# My Biggest Prop For 05



## Lotus (Nov 12, 2004)

Hey All,

I just wanted to give you an update on the newest prop I will be making for 2005 I think the picture I added will tell you what I want to do.


----------



## Zombie-F (Apr 12, 2004)

Excellent! Good luck with 'em, the pillars can be pretty easy to build as long as you don't get all ridiculous with them like I did by putting lights and sound inside them. If you're building them without sound/light, I'd just build the wood frame and cover it with foam directly as opposed to covering it with plywood and then covering that with foam. Your back will appreciate the weight difference.

If I'm not mistaken, that pic is from Haunt31? I believe he has it so his sign slides down to reveal something inside. Pretty cool idea.

Are you going to make the sign overhead as well?


----------



## Lotus (Nov 12, 2004)

Zombie-F said:


> Excellent! Good luck with 'em, the pillars can be pretty easy to build as long as you don't get all ridiculous with them like I did by putting lights and sound inside them. If you're building them without sound/light, I'd just build the wood frame and cover it with foam directly as opposed to covering it with plywood and then covering that with foam. Your back will appreciate the weight difference.
> 
> If I'm not mistaken, that pic is from Haunt31? I believe he has it so his sign slides down to reveal something inside. Pretty cool idea.
> 
> Are you going to make the sign overhead as well?


 I am putting sound in it like what you did Zombie most likely and making a drop pannel on both sides with the help from Propboy. Also there will be an arch overhead. If you got any ideas what I should do here, suggestions would be great.


----------



## Lotus (Nov 12, 2004)

I also may put fog machines in each column and have a Gargoyle on the top of each column and send fog throught their mouths. But I don't know what to do suggestions would be great.
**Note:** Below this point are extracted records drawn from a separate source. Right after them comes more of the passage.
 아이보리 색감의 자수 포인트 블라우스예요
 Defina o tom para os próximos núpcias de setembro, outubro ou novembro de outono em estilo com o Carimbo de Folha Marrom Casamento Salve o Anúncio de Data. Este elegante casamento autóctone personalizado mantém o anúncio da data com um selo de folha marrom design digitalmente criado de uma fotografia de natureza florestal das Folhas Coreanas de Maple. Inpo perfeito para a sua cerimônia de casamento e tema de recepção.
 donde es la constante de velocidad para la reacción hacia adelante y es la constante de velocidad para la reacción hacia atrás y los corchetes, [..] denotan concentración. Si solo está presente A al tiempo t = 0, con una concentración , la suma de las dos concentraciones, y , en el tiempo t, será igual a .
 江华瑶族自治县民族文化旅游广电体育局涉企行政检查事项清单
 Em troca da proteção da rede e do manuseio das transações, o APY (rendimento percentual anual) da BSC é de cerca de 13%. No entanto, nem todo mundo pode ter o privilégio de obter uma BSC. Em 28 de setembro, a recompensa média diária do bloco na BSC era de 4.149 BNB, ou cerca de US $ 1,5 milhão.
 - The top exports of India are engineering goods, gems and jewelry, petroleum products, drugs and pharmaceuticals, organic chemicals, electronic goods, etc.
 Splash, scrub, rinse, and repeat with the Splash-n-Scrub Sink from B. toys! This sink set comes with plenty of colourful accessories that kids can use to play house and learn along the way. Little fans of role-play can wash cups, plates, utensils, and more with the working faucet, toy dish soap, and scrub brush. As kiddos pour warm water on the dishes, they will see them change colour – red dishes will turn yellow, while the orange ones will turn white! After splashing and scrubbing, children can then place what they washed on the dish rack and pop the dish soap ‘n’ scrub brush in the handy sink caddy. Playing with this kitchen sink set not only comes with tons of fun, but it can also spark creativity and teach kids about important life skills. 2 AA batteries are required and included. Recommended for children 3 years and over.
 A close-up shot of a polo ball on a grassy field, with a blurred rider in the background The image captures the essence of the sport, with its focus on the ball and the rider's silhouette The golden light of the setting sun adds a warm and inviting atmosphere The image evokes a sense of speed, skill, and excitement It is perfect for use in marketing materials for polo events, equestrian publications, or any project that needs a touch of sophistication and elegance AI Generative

I also would like to make lights on each side flicker like they are short circuiting but I don't know how I would do this effect.


----------



## Lotus (Nov 12, 2004)

I Check home depot for a flicker circuit but no luck.


----------



## Zombie-F (Apr 12, 2004)

You may be better off finding that at an electrical supplier or at your local hardware store.


----------



## DeathTouch (Sep 6, 2005)

Does the guy from Haunt31 talk on this forum? He isn't to far from me, just wanted to know.


----------



## tobmaster (Feb 21, 2008)

DeathTouch said:


> Does the guy from Haunt31 talk on this forum? He isn't to far from me, just wanted to know.


He does now!!!! What up?


----------



## Frighteners Entertainment (Jan 24, 2006)

LOL, too funny. Only 2 years late.


----------



## DeathTouch (Sep 6, 2005)

It took him long enough.


----------